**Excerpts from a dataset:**
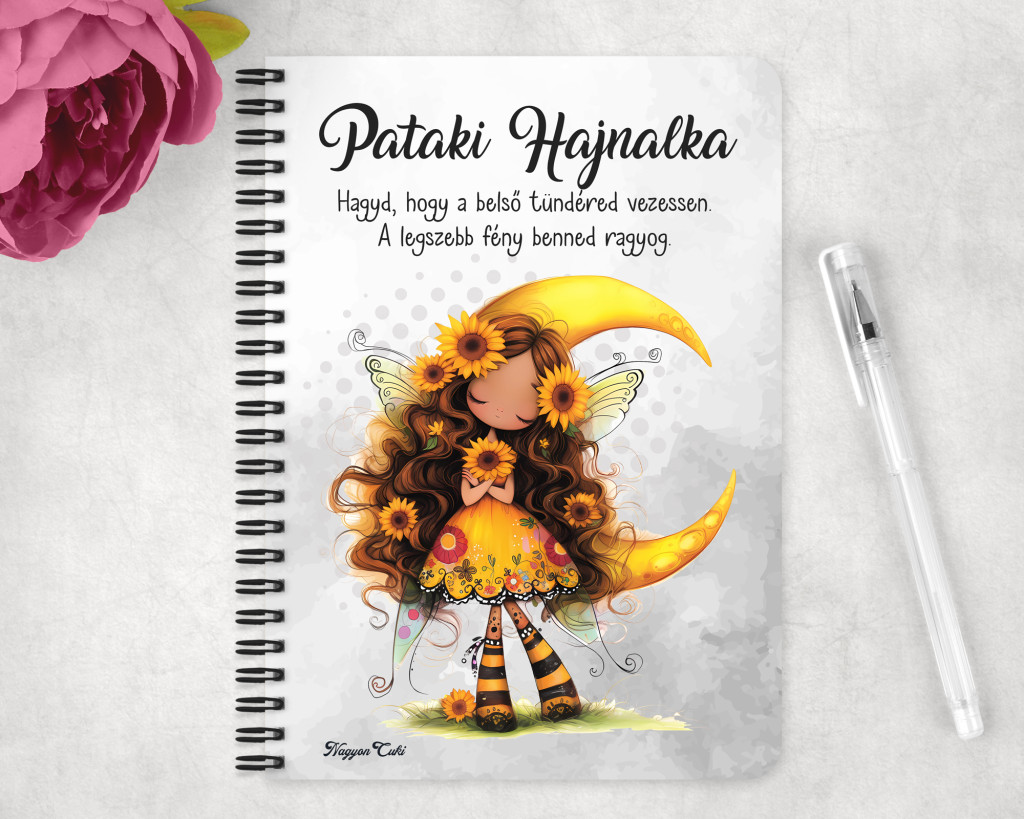 Névvel Kérhető - Hosszúhajú cuki Napraforgós tündérlány és a Hold Füzet | Egyedi Ajándék Nőknek & Személyes Tündéres Napló | nagyoncuki.hu
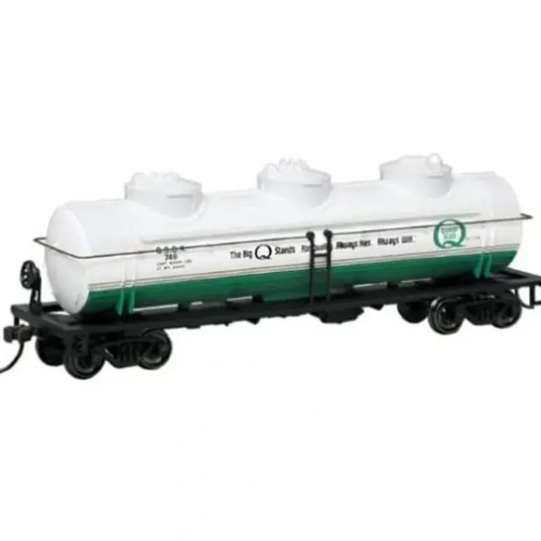 This is Bachmann 17137 HO Quaker State 40′ 3-Dome Tank Car Features includes blackened metal wheels, body mounted couplers, non-magnetic axles.
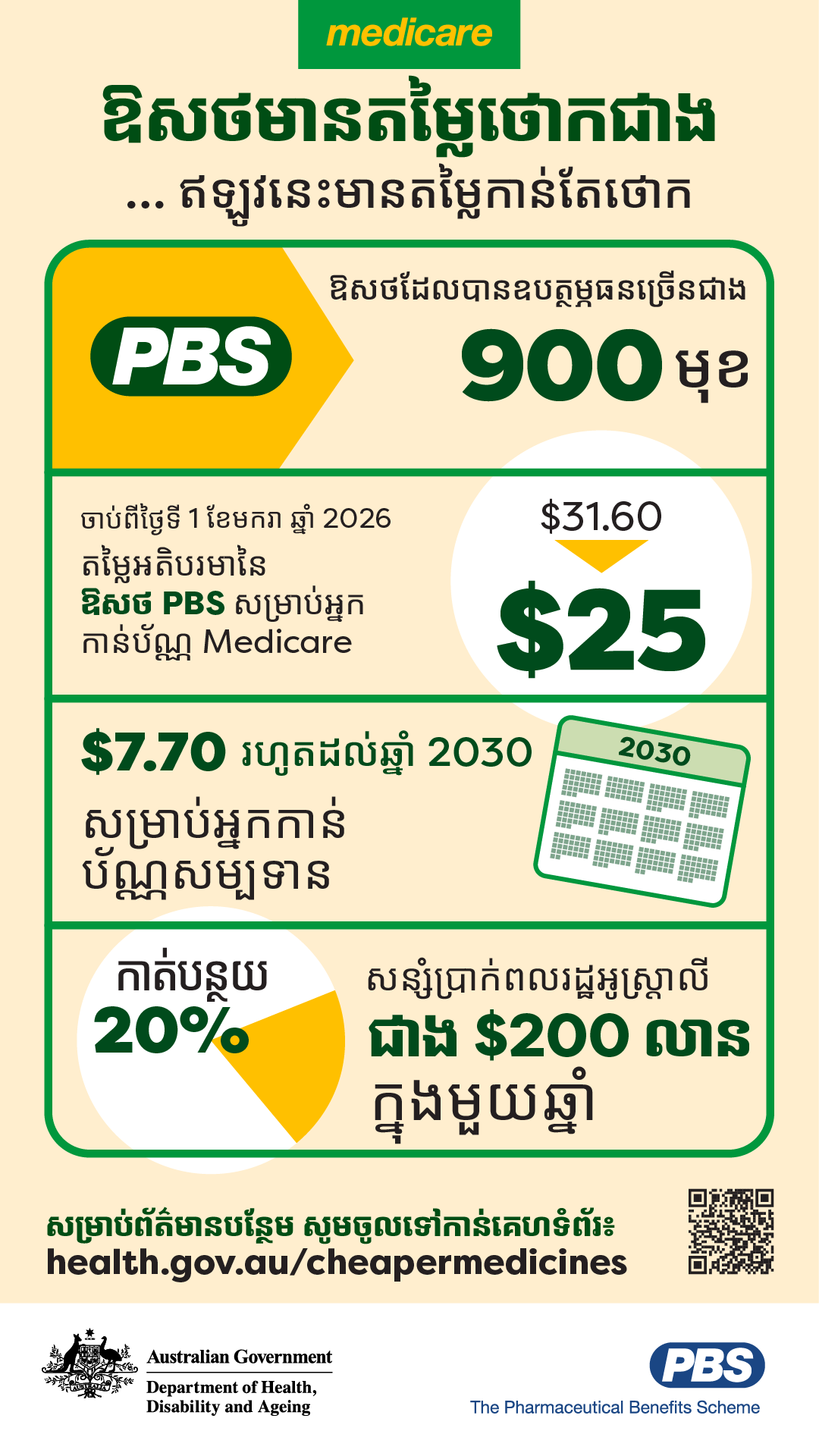ក្រាហ្វិកព័ត៌មាននេះរំលេចពីការផ្លាស់ប្តូរចំពោះតម្លៃឱសថ PBS រួមទាំងការទូទាត់ប្រាក់រួមគ្នាដែលកាត់បន្ថយនៅត្រឹម $25 សម្រាប់អ្នកកាន់ប័ណ្ណ Medicare និងការបង្កកការទូទាត់ប្រាក់រួមគ្នាសម្រាប់អ្នកកាន់ប័ណ្ណសម្បទានរហូតដល់ឆ្នាំ 2030 ដោយអនុវត្តចំពោះឱសថឧបត្ថម្ភធនច្រើនជាង 900 មុខ។
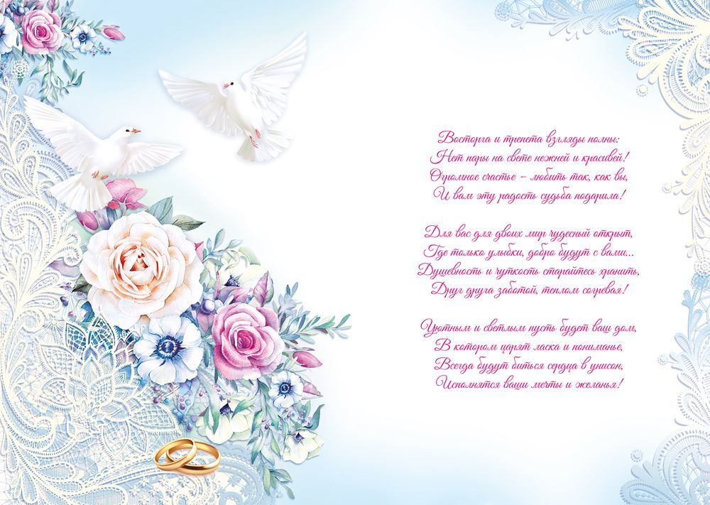 Открытка формата А4 «В день свадьбы» предназначена для оформления поздравлений с регистрацией брака и проведения свадебных мероприятий. Изделие изготовлено из плотного картона, что обеспечивает достаточную жесткость, устойчивость к деформации при транспортировке и хранении, а также аккуратный внешний вид при передаче адресату. Габариты готового изделия составляют 277 × 196 мм, формат удобен для размещения развернутого поздравительного текста и подписи, при этом открытка помещается в стандартные подарочные пакеты и папки. Лицевая сторона оформлена полноцветной печатью с изображением свадебной композиции: белые голуби, цветы, обручальные кольца, декоративные кружевные элементы. Отделка выполнена блестками в лаке радужными, за счет чего отдельные фрагменты рисунка имеют легкий мерцающий эффект и остаются устойчивыми к истиранию при аккуратном использовании. Внутри размещен готовый поздравительный текст, что сокращает время обслуживания покупателей в розничной точке и упрощает выбор для конечного пользователя; при необходимости остается достаточно свободного места для личной подписи. Открытка поставляется в количестве 10, что удобно для оптовых закупок, формирования ассортимента свадебной группы и планирования сезонных продаж. Плотный картон и стандартный формат позволяют хранить пачки вертикально или горизонтально без риска заломов и сминания, изделие совместимо с типовыми конвертами и упаковкой для подарочной полиграфии. Открытка может использоваться в свадебных салонах, магазинах подарков, канцелярских и книжных магазинах, а также в качестве дополнительной позиции к букетам и сувенирной продукции, обеспечивая стабильный спрос в период проведения свадеб и торжественных регистраций.
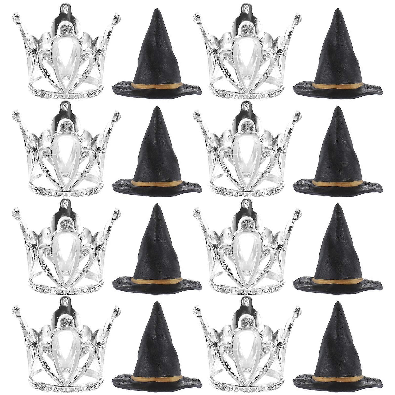 Dessert Topper Mini Tiara Cupcake Decorations Witch Hat And Crown For Halloween Party 4.50X3.50X3.50CM Cake Decoration 24Pcs
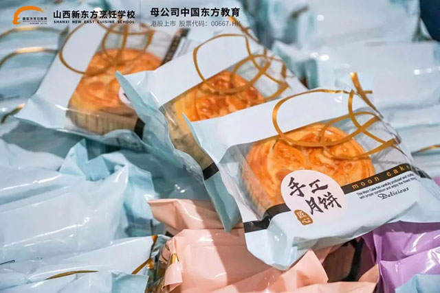 以溫情做皮,幸福為餡,每一塊都是我校西點(diǎn)老師純手工自制,小餅如嚼月,中有酥與飴,是心意,更是情意,這些心意滿滿的新東方月餅,延續(xù)著傳統(tǒng)的風(fēng)華。由西點(diǎn)老師親手制作的月餅,為校園平添了一抹節(jié)日的喜慶,更為大家心里增添了一份溫暖和感動(dòng),教學(xué)樓內(nèi)彌漫著喜慶和甜蜜的氣息。
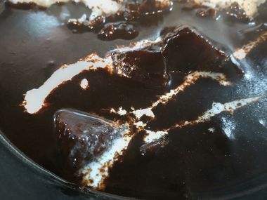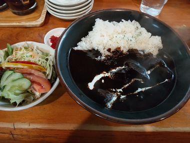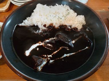 「ポークカレー(カレーのみ)」 こちらのカレーライスの作り方は、冷蔵庫にすでに調理済のカレールーが保存されておりまして、それを1人分鍋に入れて煮込みます。 このルーには特に固形物は入っておらず、適度な粘度のルーのみです。 カツカレーの場合は、丼にご飯を盛って、その上からこのカレールーを回しかけ、最上部にカツを鎮座させます。 今回のポークカレーの作り方をガン見してましたが、カレールーを温めるところはカツカレーと同じですが、冷蔵庫からラップに包まれた丸い物体を取り出しました。 この中には豚の三枚肉を一辺4cm程のブロック状にした肉塊が4つくらい入っていましたよ。 こちらの肉を温めて、それをカレールーに混ぜて最終的にカレールー+肉塊をご飯の上に回しかけておりました。 ここのカレーは真っ黒なので写真で撮ってもどれが肉なのか分からないね。 |
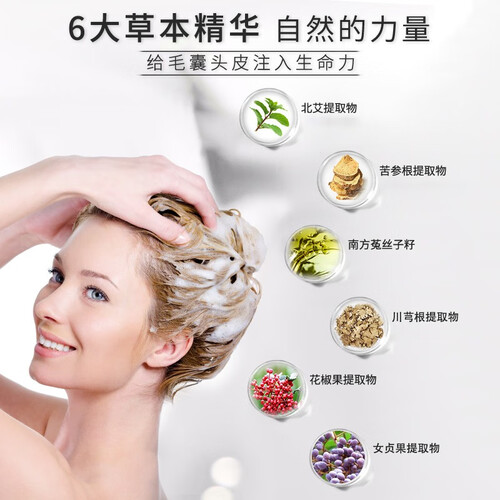 苦参根、北艾、菟丝子籽等6大草本精华,给毛囊头皮注入生命力。山奈、生姜清洁控油,提升头发韧性,减轻头发脱落。
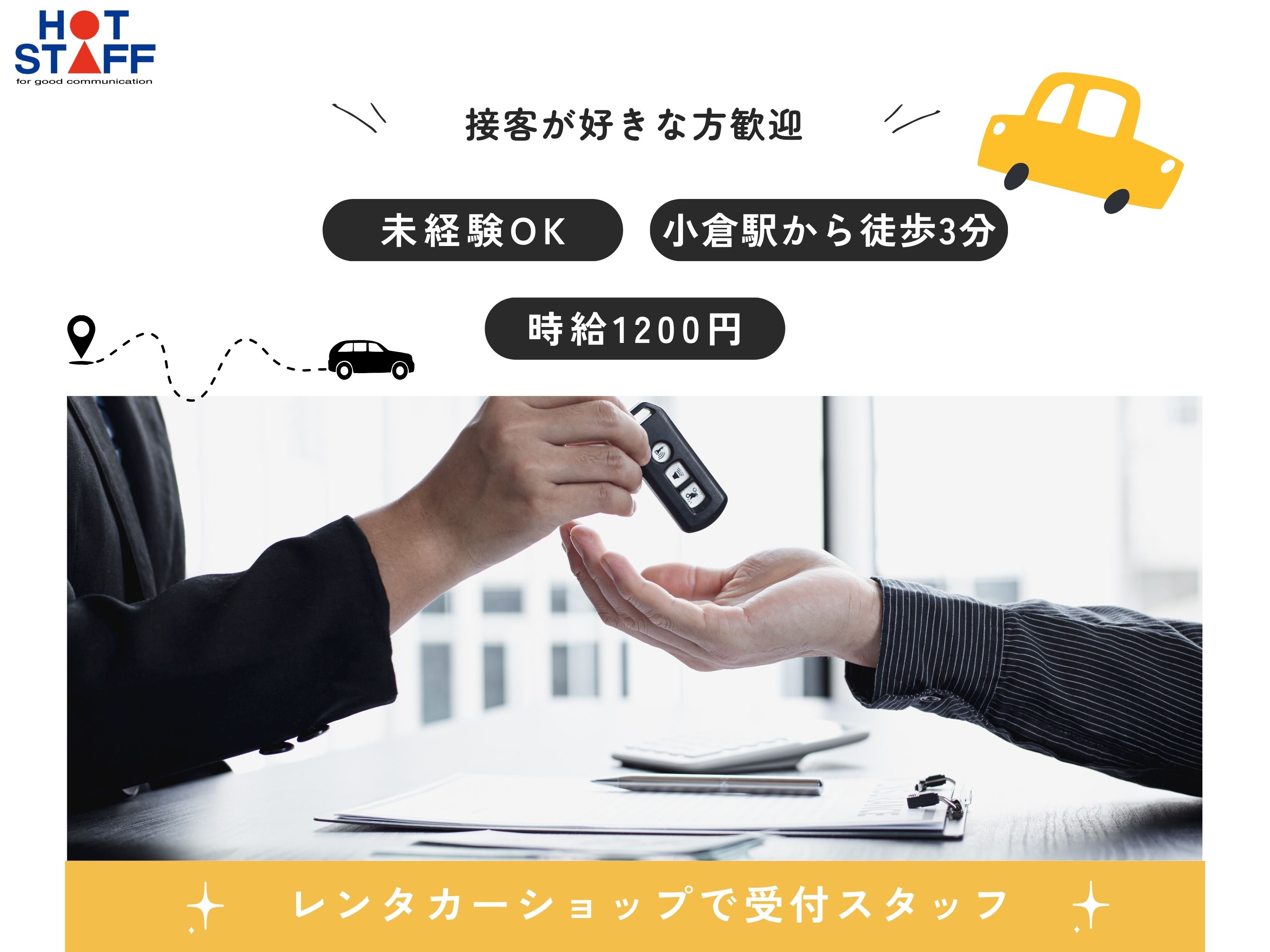 【小倉駅徒歩3分】残業少なめ◎シフト制/レンタカーショップで受付や車の移動
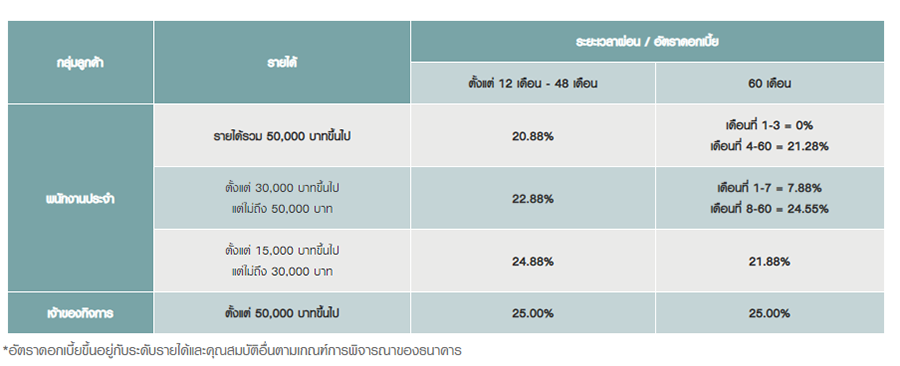 - เงื่อนไขและอัตราดอกเบี้ยเป็นไปตามที่ธนาคารกำหนด
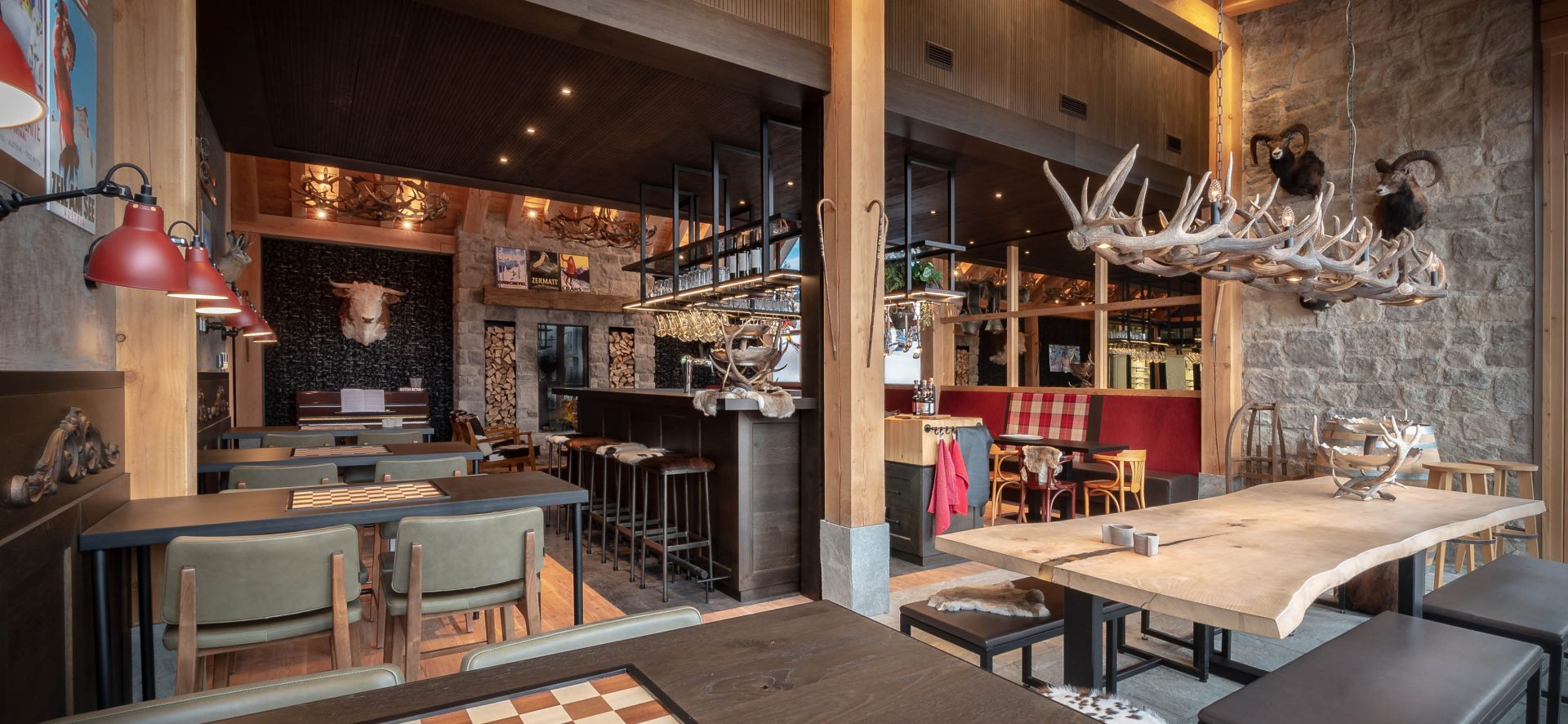 Onbewerkt Douglas houten plafonds en vloer maken de basis warm en gezellig. Verder maakten we bij de inrichting gebruik van materialen als leer, staal, wol en: nog meer hout. Alles is afgestyled in alpine sfeer met houten skies, vintage ski billboards, Zwitserse koeienbellen en een hoop opgezette dieren in alle soorten en maten (allemaal een zachte natuurlijke dood gestorven uiteraard). Al met al de perfecte plek om iedere pauze met het team te ontspannen of tijd te nemen voor een goede borrel. Hard werken is hard onstpannen!

**Problem details:** Only one thing is required: an exact printout of the lines from the line containing "苦参根、北艾、菟丝子籽等6大" through the last line of the records, pictures excluded.

**Task answer:**
 苦参根、北艾、菟丝子籽等6大草本精华,给毛囊头皮注入生命力。山奈、生姜清洁控油,提升头发韧性,减轻头发脱落。
 【小倉駅徒歩3分】残業少なめ◎シフト制/レンタカーショップで受付や車の移動
 - เงื่อนไขและอัตราดอกเบี้ยเป็นไปตามที่ธนาคารกำหนด
 Onbewerkt Douglas houten plafonds en vloer maken de basis warm en gezellig. Verder maakten we bij de inrichting gebruik van materialen als leer, staal, wol en: nog meer hout. Alles is afgestyled in alpine sfeer met houten skies, vintage ski billboards, Zwitserse koeienbellen en een hoop opgezette dieren in alle soorten en maten (allemaal een zachte natuurlijke dood gestorven uiteraard). Al met al de perfecte plek om iedere pauze met het team te ontspannen of tijd te nemen voor een goede borrel. Hard werken is hard onstpannen!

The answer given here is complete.